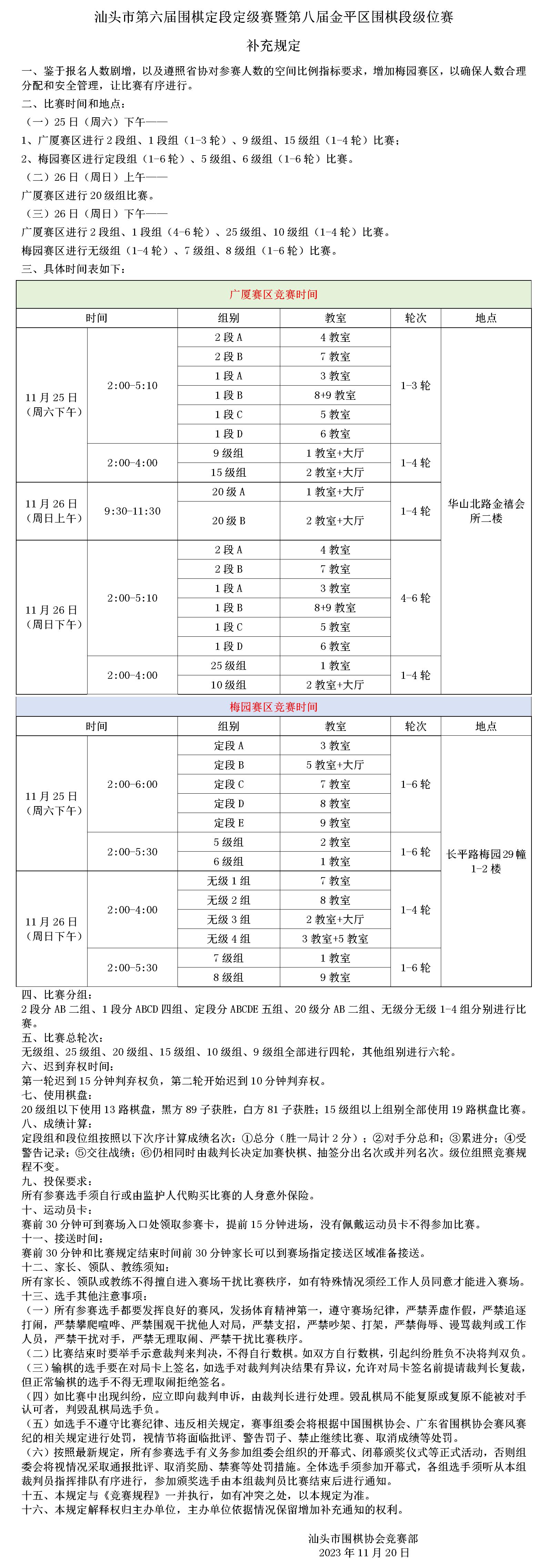 补充规定——汕头市第六届围棋定段定级赛暨第八届金平区围棋段级位赛
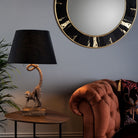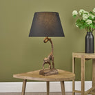 The Dwayne monkey table lamp In a bronze finish with a black linen shade. Featuring a black fabric cable and inline rocker switch. This cheeky monkey table lamp joins our animal wall lamps and tropical floor and ceiling lamps.
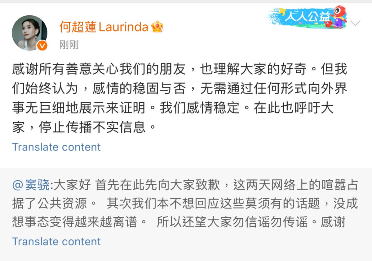 隨後何超蓮轉發表示感情的穩固與否,無需通過任何形式,向外界事無鉅細地展示來證明,最後也強調:「我們感情穩定。」
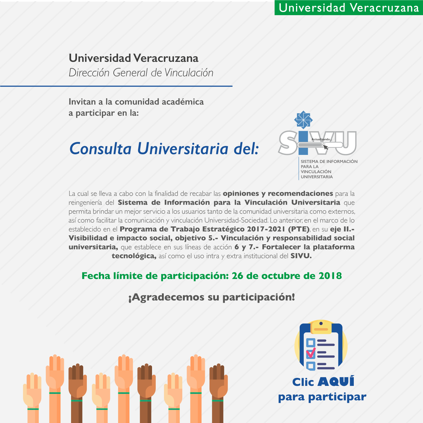 Consulta Universitaria SIVU Facultad de Ingeniería Mecánica y Eléctrica del Campus Poza Rica invita a su comunidad universitaria a participar en la Consulta Universitaria SIVU.
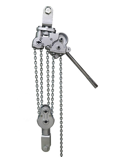 主體采用高強度鎂鋁合金材料,鏈條采用高強度特制合金鋼材料。使用方便、安全可靠;結構合理、造型美觀;維修簡單、經久耐用;手扳力小、工作效率高;體積特小、重量特輕、攜帶方便。
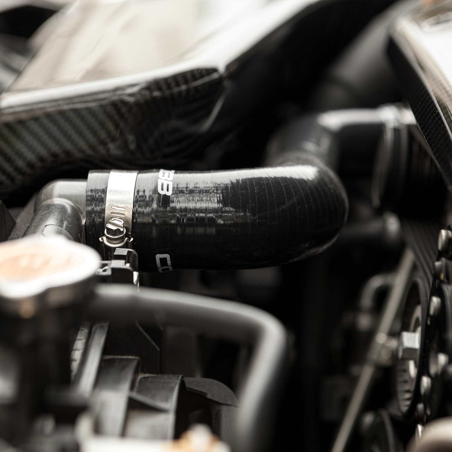 Reinforced silicone hoses have a higher temperature operating range, are more resistant to chemical reactions, and maintain their flexibility through a longer lifespan than factory rubber hoses. They happen to look much better, too.
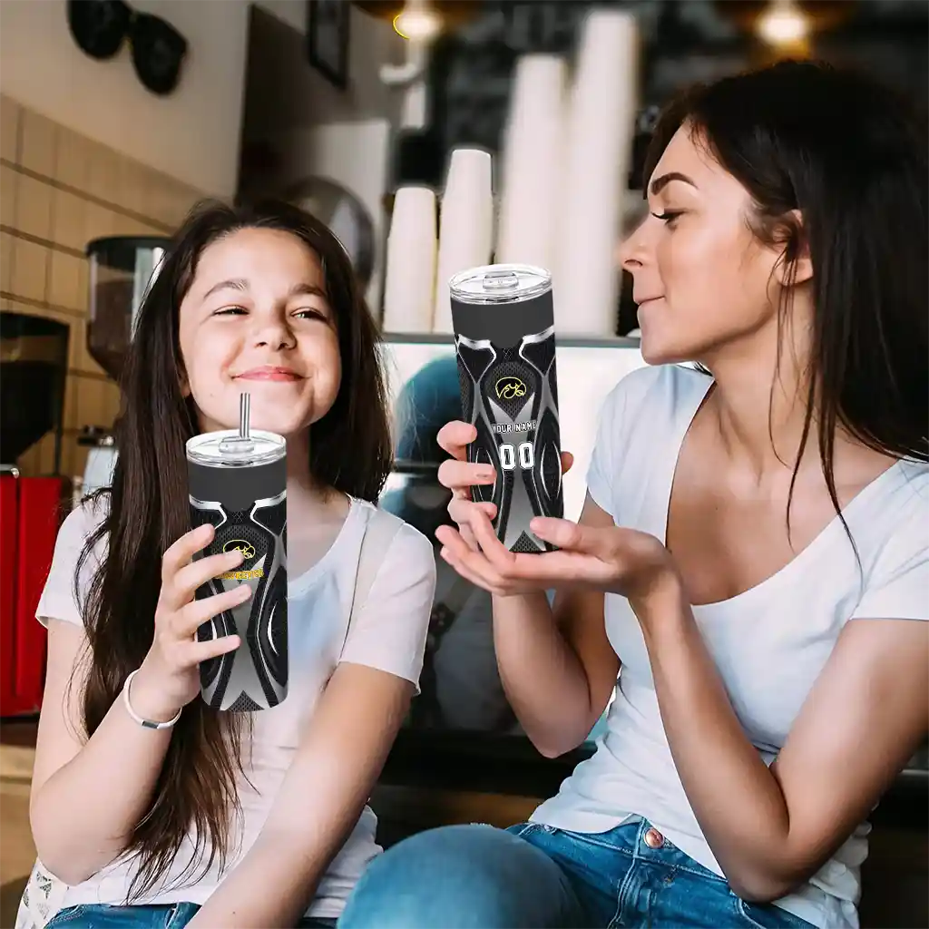 No question about it—the Customized Iowa Hawkeyes Bold Diamonds Black Curved Tumbler is the ultimate way to stay refreshed while rocking your Iowa Hawkeyes pride. From the stadium to your tailgate, or just chilling at home, this sleek tumbler makes sure you stay hydrated in style. What’s in the box? A stainless steel tumbler, clear lid, and removable straw—all the essentials for keeping your favorite drinks on point!
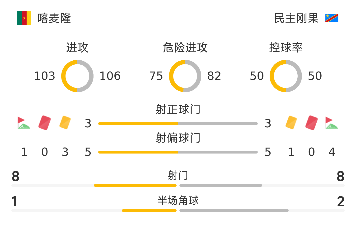 民主剛果首發(fā)陣容:1-姆帕斯、22-姆本巴、12-卡延貝、4-圖安澤貝、2-萬(wàn)-比薩卡、18-皮克爾(59’5-卡亞比)、8-穆圖薩米、11-薩迪基(89’6-穆考)、17-巴坎布(75’19-梅耶爾)、10-博格納達(dá)、7-姆布庫(kù)(75’20-齊本加)
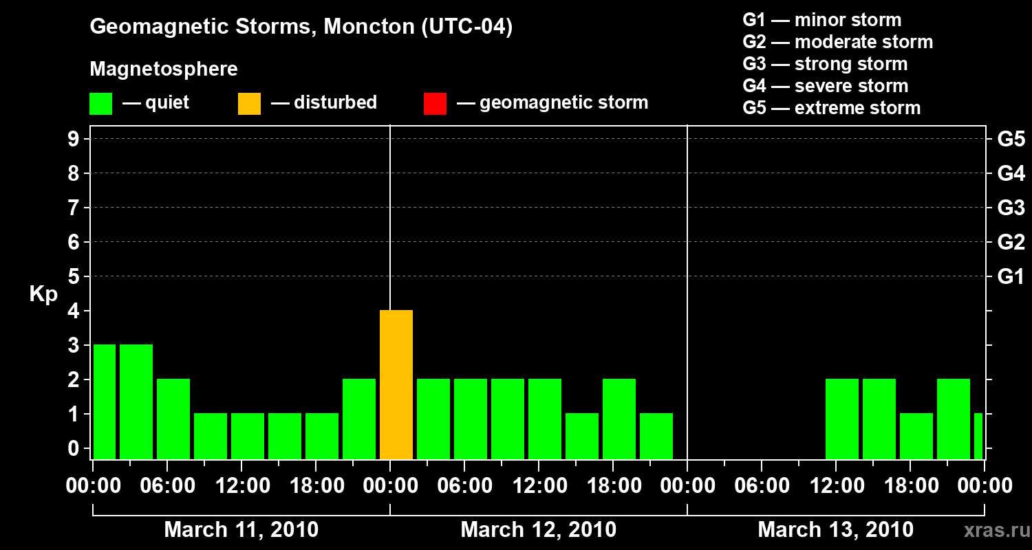 Geomagnetic storms in Moncton — Mar 13, 2010
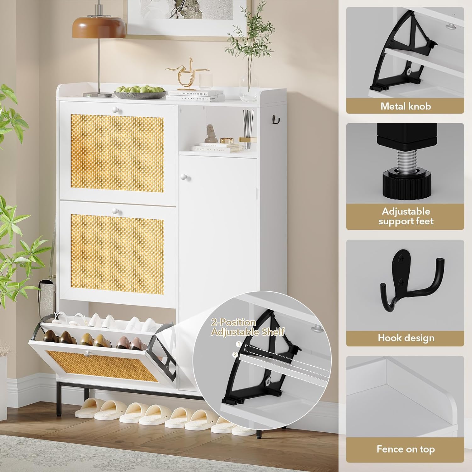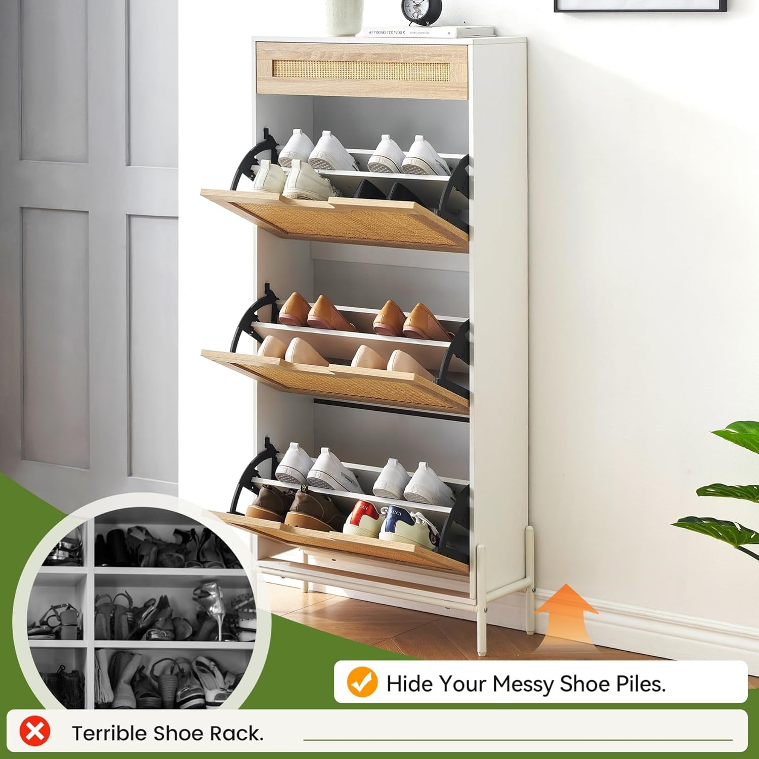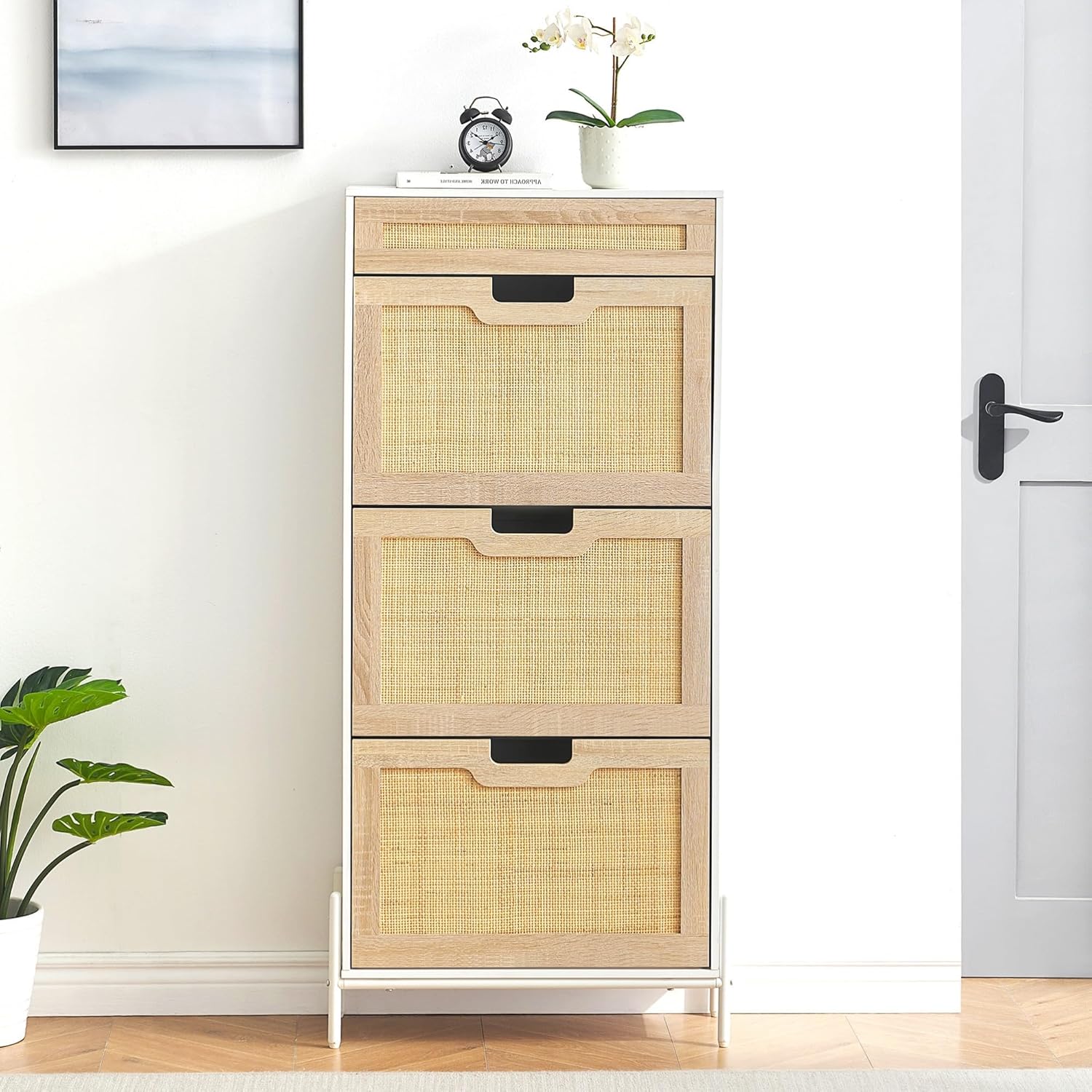GarveeHome Natural Rattan Storage Cabinet with 3 Flip Doors and 1 Drawer, Entry Way Shoe Storage Cabinet with Adjustable Shelf, Freestanding Entrance Shoe Cabinet for Entryway, Hallway, White and Oak

--------------------------------------------------

HOW TO COMPLETE THIS TASK - The material shown above is to be repeated verbatim, and its pictures are to be omitted.

ANSWER FOR THIS EXERCISE -
 补充规定——汕头市第六届围棋定段定级赛暨第八届金平区围棋段级位赛
 The Dwayne monkey table lamp In a bronze finish with a black linen shade. Featuring a black fabric cable and inline rocker switch. This cheeky monkey table lamp joins our animal wall lamps and tropical floor and ceiling lamps.
 隨後何超蓮轉發表示感情的穩固與否,無需通過任何形式,向外界事無鉅細地展示來證明,最後也強調:「我們感情穩定。」
 Consulta Universitaria SIVU Facultad de Ingeniería Mecánica y Eléctrica del Campus Poza Rica invita a su comunidad universitaria a participar en la Consulta Universitaria SIVU.
 主體采用高強度鎂鋁合金材料,鏈條采用高強度特制合金鋼材料。使用方便、安全可靠;結構合理、造型美觀;維修簡單、經久耐用;手扳力小、工作效率高;體積特小、重量特輕、攜帶方便。
 Reinforced silicone hoses have a higher temperature operating range, are more resistant to chemical reactions, and maintain their flexibility through a longer lifespan than factory rubber hoses. They happen to look much better, too.
 No question about it—the Customized Iowa Hawkeyes Bold Diamonds Black Curved Tumbler is the ultimate way to stay refreshed while rocking your Iowa Hawkeyes pride. From the stadium to your tailgate, or just chilling at home, this sleek tumbler makes sure you stay hydrated in style. What’s in the box? A stainless steel tumbler, clear lid, and removable straw—all the essentials for keeping your favorite drinks on point!
 民主剛果首發(fā)陣容:1-姆帕斯、22-姆本巴、12-卡延貝、4-圖安澤貝、2-萬(wàn)-比薩卡、18-皮克爾(59’5-卡亞比)、8-穆圖薩米、11-薩迪基(89’6-穆考)、17-巴坎布(75’19-梅耶爾)、10-博格納達(dá)、7-姆布庫(kù)(75’20-齊本加)
 Geomagnetic storms in Moncton — Mar 13, 2010
GarveeHome Natural Rattan Storage Cabinet with 3 Flip Doors and 1 Drawer, Entry Way Shoe Storage Cabinet with Adjustable Shelf, Freestanding Entrance Shoe Cabinet for Entryway, Hallway, White and Oak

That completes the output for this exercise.